Ce sage conseil, qui honore le magistrat, prévalut sans doute, car aucun document ne mentionne des condamnations nouvelles se rattachant à l’affaire du chevalier de Rohan. D’autres complots marquèrent-ils cette période du grand règne? On peut l’affirmer hardiment, et d’ailleurs la certitude existe que des passions mauvaises continuèrent à fermenter. Ainsi le 20 février 1682 cet auditeur à la chambre des comptes dont il a été question dans le procès des poisons, Jean Maillard, fut condamné à mort pour n’avoir pas révélé des projets criminels contre le roi. Sept années plus tard, le 4 octobre 1689, le marquis de Seignelay écrivait à La Reynie pour l’informer d’une conspiration contre Louis XIV et contre l’état. « Il y a sept personnes, ajoutait-il, qui doivent être arrêtées et conduites à Vincennes, et comme il est important qu’elles n’aient aucune communication, le roi veut que vous y alliez vous-même pour faire préparer les logemens...[1] » Heureusement aucun de ces projets n’aboutit, et sauf quelques cas exceptionnels, comme dans les affaires de Bonnesson, de Roux de Marcilly et du chevalier de Rohan, ils restèrent le secret de la police. Ce règne, l’un des plus longs de nos annales, et qui eut aussi ses agitations, aujourd’hui trop oubliées, ne fut souillé par aucune tentative sérieuse d’assassinat. Ces fureurs criminelles, qui ont, hélas ! réveillé tant de fois en sursaut la France du XIXe siècle, s’arrêtèrent devant Louis XIV. Leur dernière explosion avait, il est vrai, été terrible, car en frappant dans la force de l’âge, le 14 mai 1610, le prince chez qui tant de fermeté et de courage, de bon sens et de grandes vues s’unissait aux plus vives qualités de l’esprit, le monstre du fanatisme avait fait à la France, au triple point de vue de son influence extérieure, de sa prospérité et du développement régulier des libertés publiques, une blessure que nulle autre n’égala jamais.

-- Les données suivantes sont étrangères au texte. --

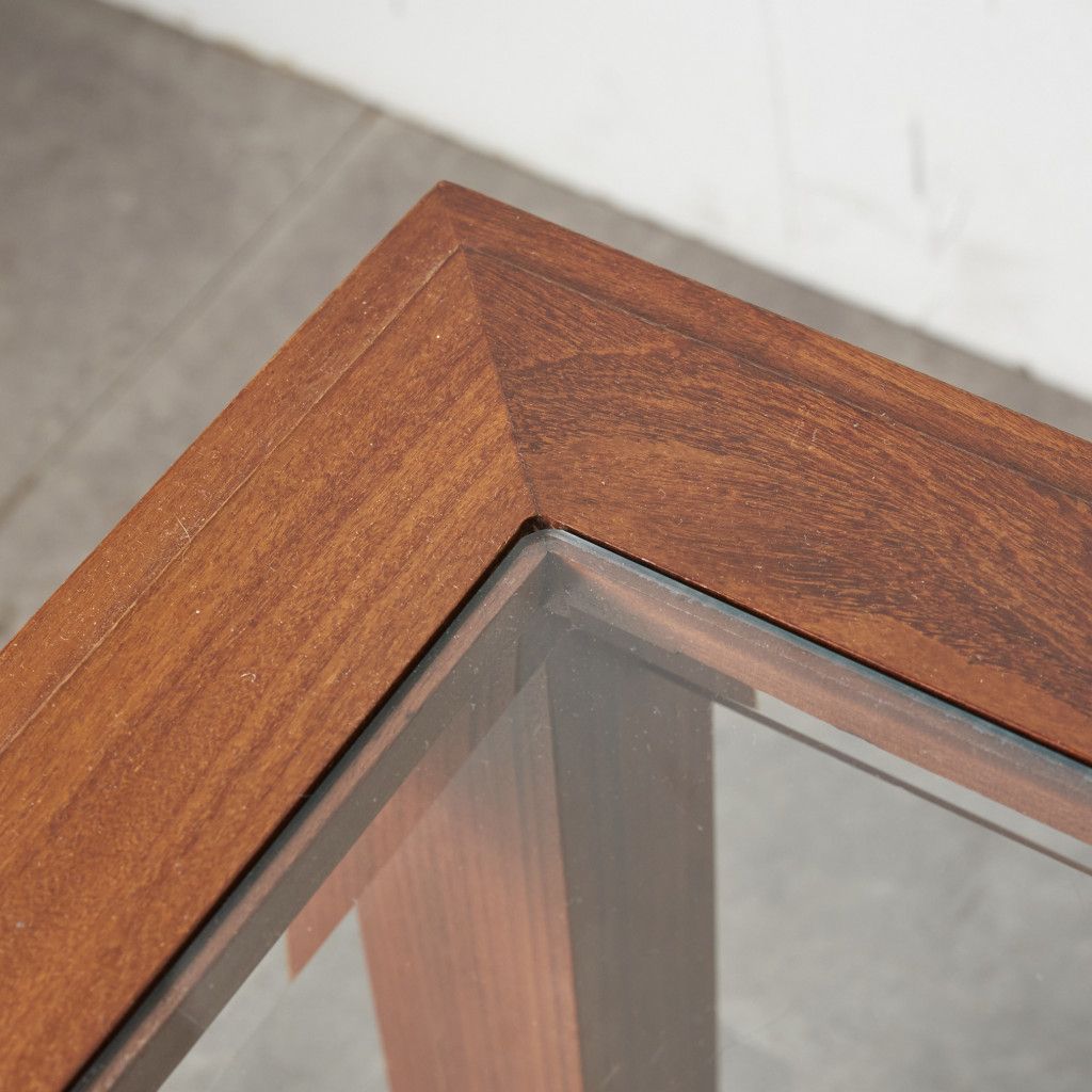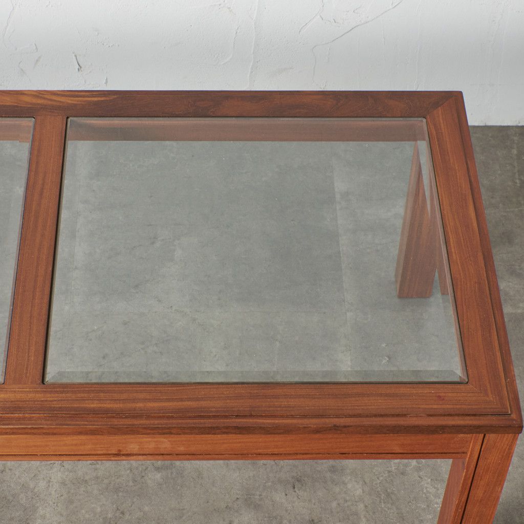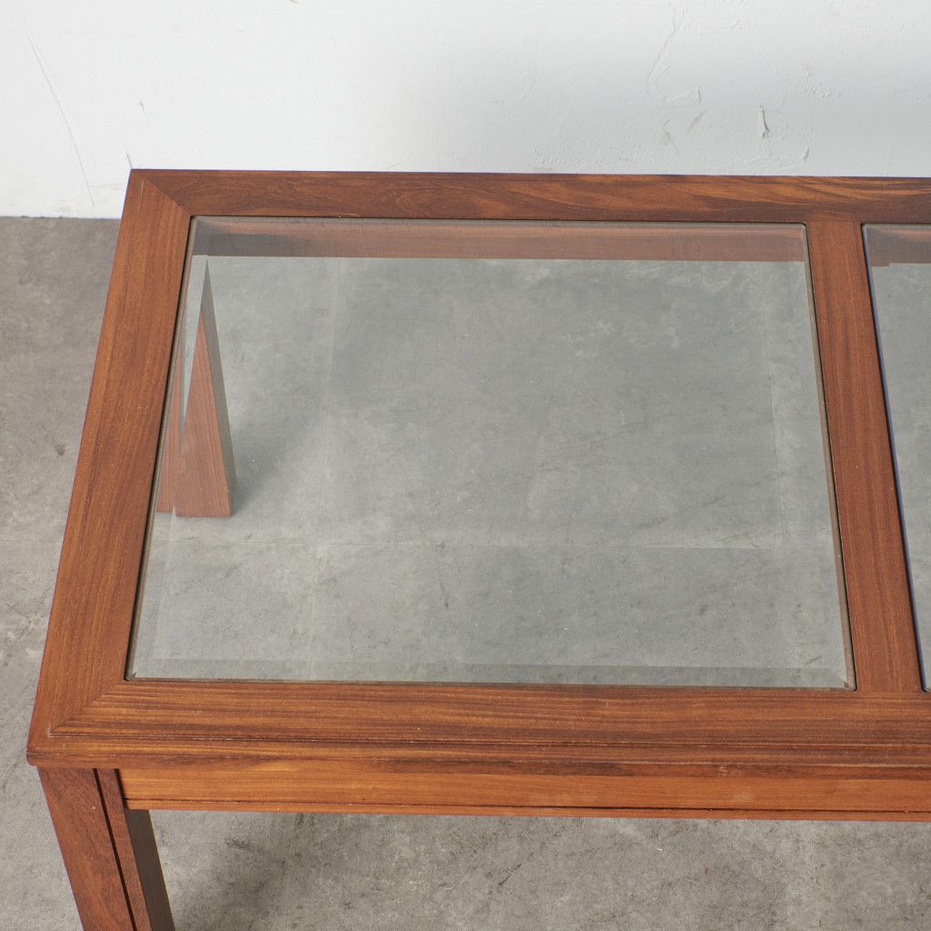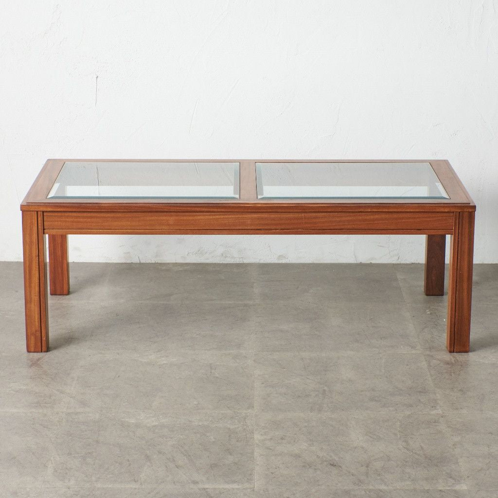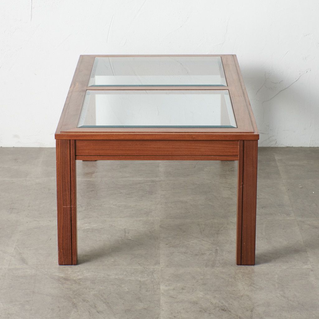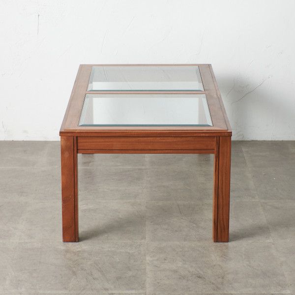 褐色の木肌が美しい天然木が用いられたガラストップコーヒーテーブル。3人掛けソファと相性の良いロングジョンテーブルと呼ばれる横長のテーブル。G-PLAN定番のコーヒーテーブルとは一味違った大変希少価値の高いモデルです。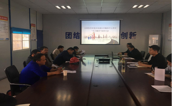 為促進項目生產(chǎn),全面實現(xiàn)公司年度生產(chǎn)目標,圍繞二建公司【2017】130號文精神,結(jié)合與公司簽訂的“大干六十天”勞動競賽目標責任狀。11月9日下午,太和發(fā)藝公共服務(wù)中心項目部召開了關(guān)于“大干六十天”動員大會。各管理人員及各班組負責人參加了會議。會上項目經(jīng)理和各班組負責人簽訂了責任狀。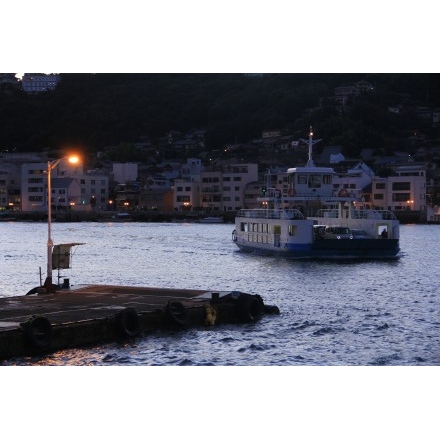 夏の午後7時、向島に帰宅する人々を乗せた渡船がやってきました。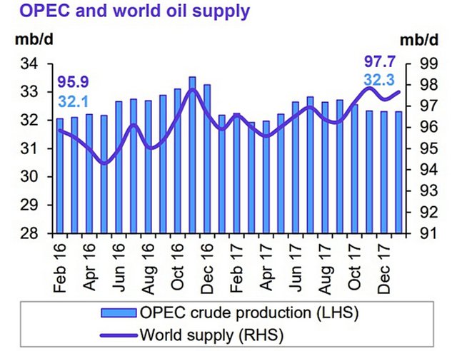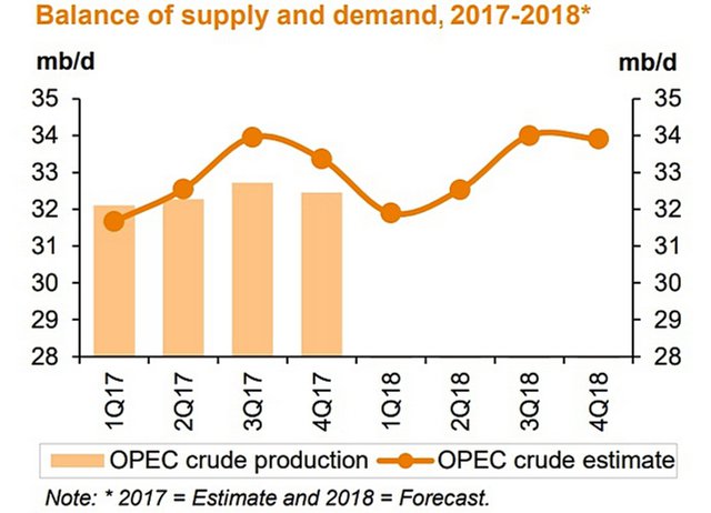 В 2018 г. спрос на нефть ОПЕК, как ожидается, составит 32,9 млн б/с, оставшись почти на том же уровне, что и в 2017 г.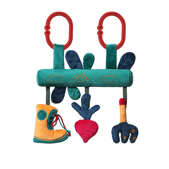 Izobraževalna igrača bo otroku predstavila raznolik svet barv, zvokov in oblik. Oblika igrače v obliki trapeza omogoča obešanje na vse vrste avtomobilskih sedežev ali vozičkov. Zaradi tega lahko otroka spremlja na potovanjih in sprehodih.Lastnosti:Zbirka igrač Play More- namen zbirke Play More je spodbuditi otroško radovednost in jih spodbuditi k igri. Otroku omogoča pridobivanje novih spretnosti ter ga spodbuja k čutnim in intelektualnim dejavnostim.Še vedno skupaj- zaradi oblike trapeza ga je mogoče pritrditi na avtomobilski sedež, voziček ali otroško posteljico.Dolge vezalke- dolge vrvice v obliki testenin spodbujajo otrokov čut za dotik, hkrati pa omogočajo učenje zavezovanja in razvezovanja vozlov.Zvočna stimulacija- igrača vsebuje elemente, ki povzročajo zvok ropotanja, škripanja ali šušljanja. Hropenje ima na otroka pomirjujoč učinek. Žvižganje vzbuja zanimanje in prikazuje vzročno-posledične povezave. Šumenje pritegne otrokovo pozornost.100 % poliesterPrimerno za otroke od 0m+Dimenzije 22 cm x 28 cm x 4 cmIgračo pritrdite tako, da bo otroku nedosegljiva. Da bi preprečili morebitne poškodbe zaradi zapletanja, odstranite igračo takoj, ko se otrok začne dvigovati na rokah in kolenih v položaj za plezanje.Z igrače odstranite vse varnostne elemente, ki bi lahko bili nevarni za otroka.Preverite kakovost igrače, preden jo daste otroku. Le nepoškodovana igrača zagotavlja varno uporabo za vašega otroka. Igračo zavrzite takoj, ko opazite prve znake poškodb.Igranje je priporočljivo pod nadzorom odraslih.Igrača ustreza standardu EN 71.Priporočamo, da embalažo shranite za primerjavo. Embalažo hranite zunaj dosega otrok. Embalaža in pritrdilni elementi niso igrača in lahko predstavljajo nevarnost za zdravje otroka.Naslov dobavitelja: Babyono sp. z o.o., Kowalewicka 13, 60-002 Poznań, Poljska. +48 61 83 90 520, info@babyono.pl, www.babyono.com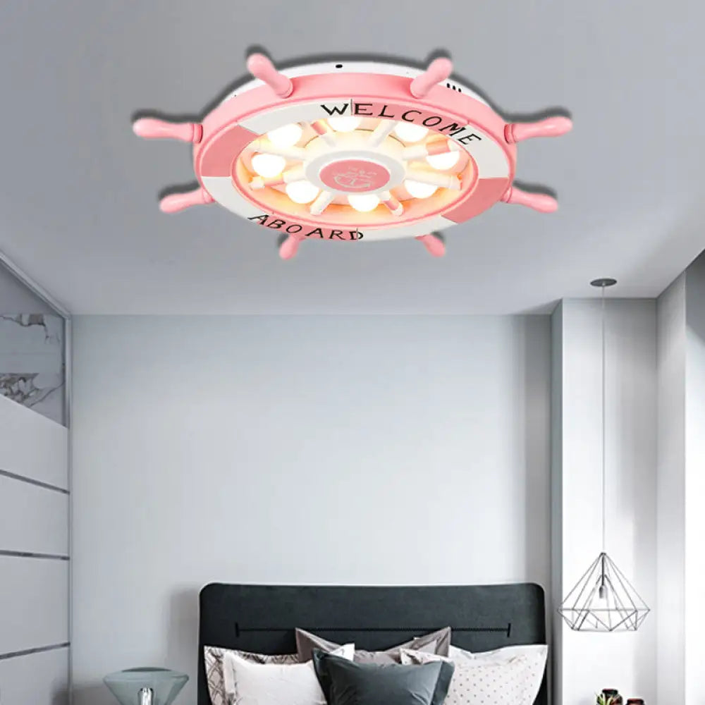 Lámpara de techo DecorBites™ con diseño de niña timón de dibujos animados para dormitorio - Luz LED empotrada náutica rosa de acrílico y metal
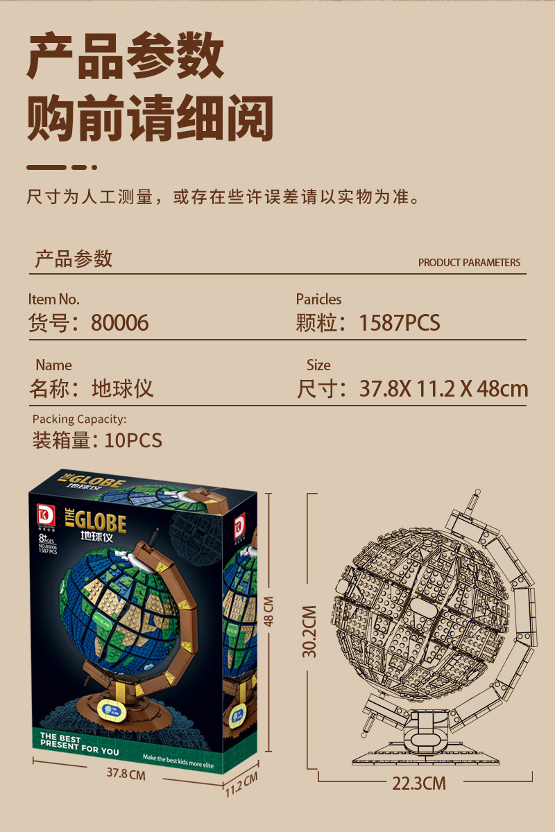 得客80006地球儀模型地図置物子供の祝日の益智は積み木のおもちゃの誕生日プレゼントをつづり合わせます。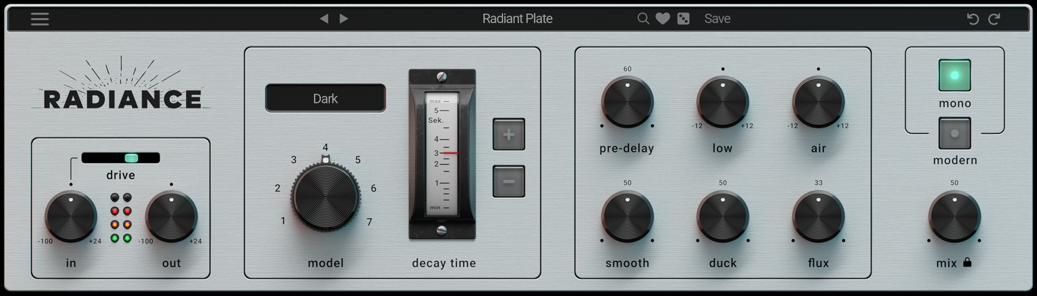 Durch die Kombination von fortschrittlicher hybrider DSP-Modellierung mit leistungsstarken Formungs- und Modulationstools liefert Radiance alles von tiefen, kinoreifen Gesangsnachhall und engen, rhythmischen Drum-Räumen bis hin zu schimmernden Gitarren-Ambientes — alles mit der üppigen Tiefe und dem strahlenden Resonanz eines echten Plattenhalls.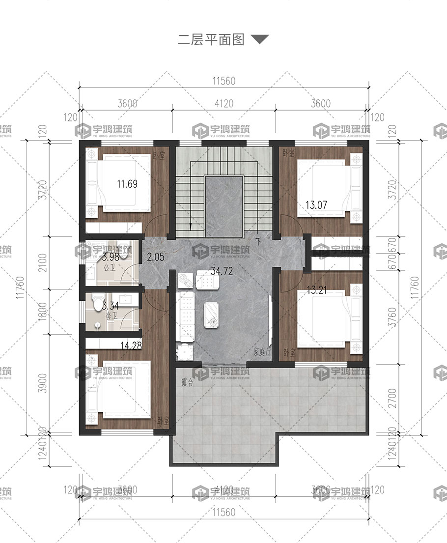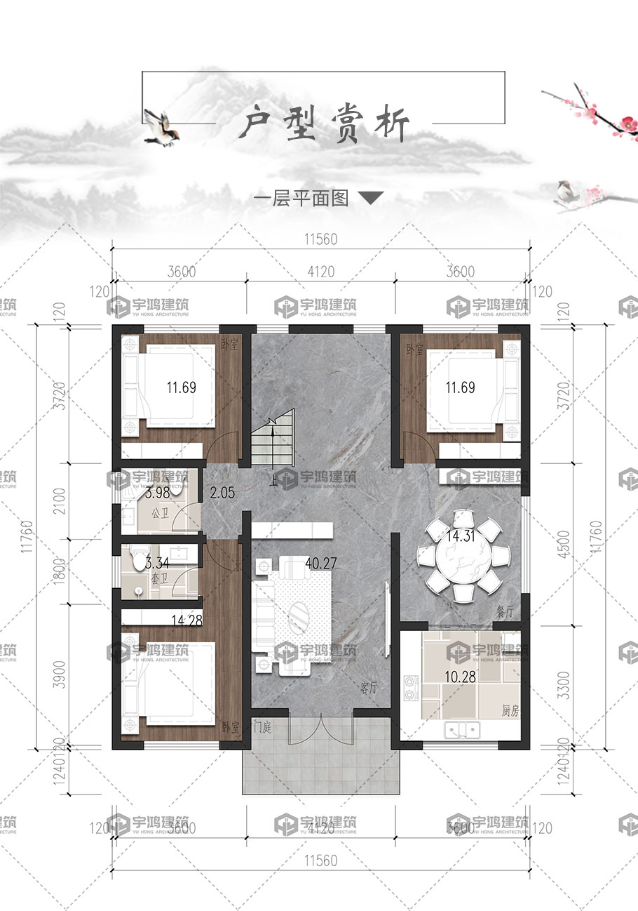 | 開間:11.56米 | 進深:11.76米 | 占地面積:132.5平方米 | 建筑面積:252平方米 |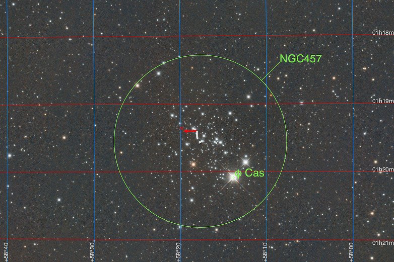 20. A Dragonfly, ..., An Owl, ...., ET! Located in the Cassiopeia constellation, NGC 457 is known as the Dragonfly Cluster, or as the Owl Cluster or as the ET Cluster. 'Ol Dragonfly can easily be seen in the Northern Hemisphere this time of year with low powered binoculars. This is the equivalent of a 95 1/3 minute exposure. https://freestarcharts.com/ngc-457 https://astrodoc.ca/ngc-457/ https://themcdonalds.net/finding-ngc-457/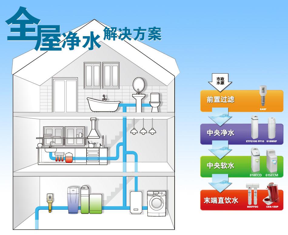 汉斯顿的净水专家介绍全屋净水器是一种大型的水处理设备,适合全屋中央净水,其核心技术主要是微滤(PP纤维棉和活性炭)、超滤(中空纤维)、KDF、陶瓷滤芯等。该组件一般都是安装在总进水阀门处,所以,在装修的时候最好找专业的水处理公司事先将水路作好或者预留出出水口,以免装修以后无法安装,造成一定的遗憾,并且将电源预留出来。全屋净水器详细介绍——全屋净水器的分类: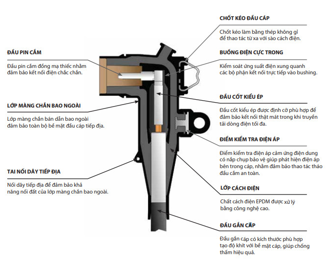 THÀNH PHẦN CẤU TẠO - BỘ ĐẦU CÁP CẮM GÓC KHUỶU ELBOW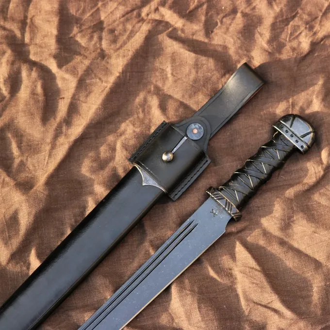 Deze sax is geweldig als werkmes of vechtmes, een solide wapen met een goede balans. Dit is een klassieke replica van een Vikingsax. De sax was het favoriete wapen van de Vikingen en ging altijd mee, omdat hij praktisch is en goed om mee te vechten. Deze sax heeft net als de originelen, een kromming in de kling. Daardoor is de sax een perfect wapen om mee te hakken en te houwen. Deze prachtige gepatineerde sax heeft een authenetieke pommel, en een grip met traditionele leerwikkeling. Hij wordt geleverd inclusief een schede en certificaat.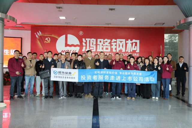 11月12日,安徽广播电视台与国元证券投资者教育基地、安徽鸿路钢结构(集团)股份有限公司联合举办的“踔厉奋发新征程,投教服务再出发”主题投教活动成功举办。众多投资者走进上市公司鸿路钢构(股票代码:002541),通过实地参观和面对面交流,深入了解了该上市公司的发展历程与投资价值。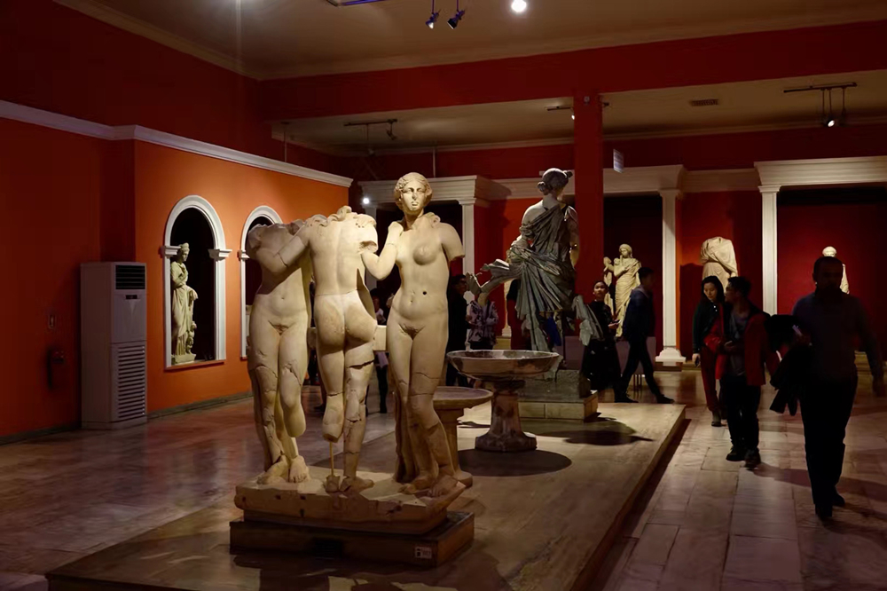 大量公元2—3世紀(jì)的人體雕塑令人目不暇接,這個(gè)時(shí)期也是該地區(qū)歷史發(fā)展中最為繁盛的階段。館內(nèi)陳列著眾多古希臘古羅馬眾神的雕像,號(hào)稱“萬神殿”。這些雕像是從公元8世紀(jì)的古墓里面發(fā)掘出來的,包括眾神之神宙斯、天后赫拉、智慧女神雅典娜、愛情與美麗女神阿芙羅狄忒、太陽神阿波羅、大力神赫拉克勒斯等。李仁奇 攝
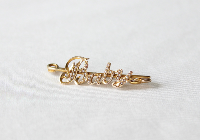 Babyという文字をかたどったブローチは ヴィクトリア時代にとても流行し、 とりわけ子どもの洗礼のお祝いにプレゼント されることが多かったそうだ。

C’est encore pendant l’administration de La Reynie que survint un des plus graves incidens qui aient troublé notre pays. Tant que vécut Turenne, la question religieuse, traitée avec les ménagemens que commandait la raison politique, ne causa au gouvernement de Louis XIV que des difficultés d’un ordre secondaire. A la mort de Tu-

  1. Archives de l’empire, Registres des secrétaires d’état, 1689.